CentOS 5 NAS Cluster CentOS 5 NAS Cluster

Document Actions
Update on replacing the Tru64 NAS server with Linux High Availability (HA) CentOS 5 server

As I noted in my last post, here is an update on where we are at with replacing our trusty but aged Tru64 TruCluster NAS server with a new HA NAS Server. The new server is a CentOS 5 based cluster with three nodes. I'll get into the particular in a second, but first,

How We Got Here (in a nutshell)

Digital created the best cluster software in the world, VAXCluster. Digital ported this to Tru64. Digital was sold to Compaq. Compaq continued Tru64 and TruCluster. We had a NAS appliance. We bought another. It failed and failed and failed, for over a year. We replaced that with the TruCluster. HP bought Compaq and killed the AlphaChip and Tru64 TruCluster future development. Our TruCluster aged, and we began to look at replacements. Two appliance vendors came in, were tested, failed. Tru64 started to have issues with new NFS clients. We started our in-House HA NAS testing based off our years of Tier II NAS using Linux. Pant Pant Pant. Whew. Twenty plus years of history in one paragraph!
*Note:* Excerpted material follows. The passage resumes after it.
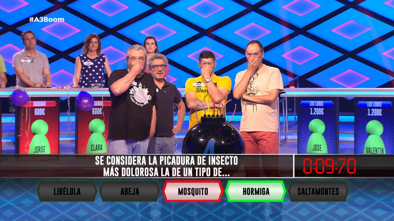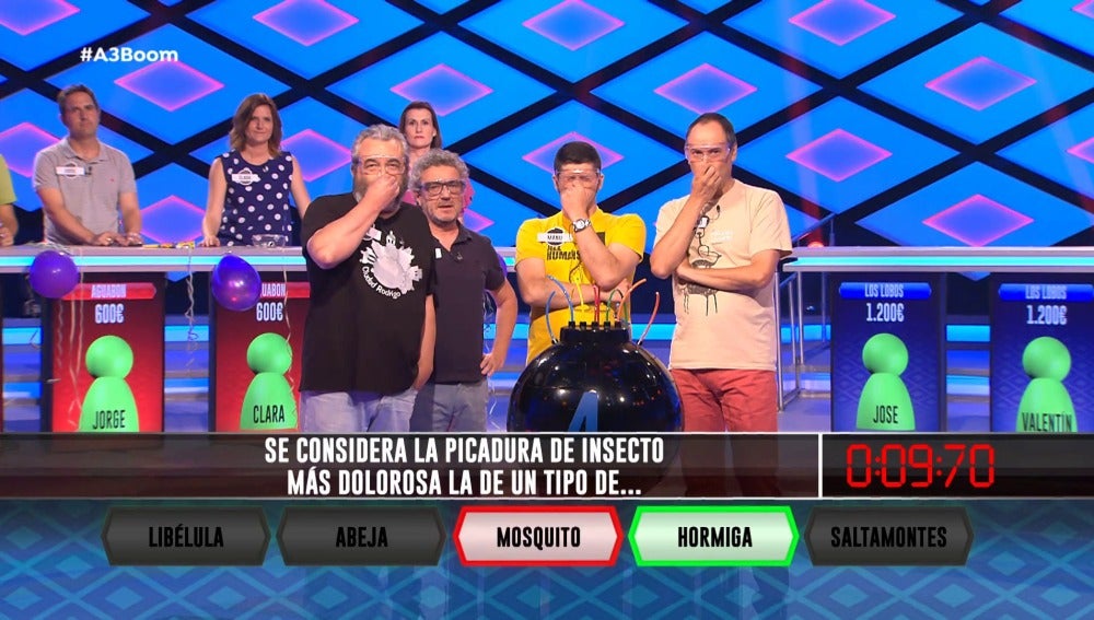 El equipo campeón ‘Los Lobos’ sigue en racha y acumula 191.600€ tras 37 programas, sobre todo gracias a su intuición en las cuartas preguntas, que son las que marcan el devenir de cada programa. Y es lo que sucedido en nuestra última edición, donde han sido capaces de resolver una peliaguda pregunta sobre animales: ¿qué tipo de insecto tiene la picadura más dolorosa de todas? ¡Juega con nosotros dándole al play y descubre la respuesta!

What We Liked About Tru64 TruCluster

It may be true that we over-engineered the Tru64 NAS solution. After being burned so badly by the appliance, and having so many critical builds depend on the server, we were not prepared for anything other than the most reliable NAS we could figure out how to build. Tru64 was tried and true. TruCluster was the best cluster software there was for UNIX, and the Alphachip was the hottest chip on the block back then. It all seemed to be a no-brainer.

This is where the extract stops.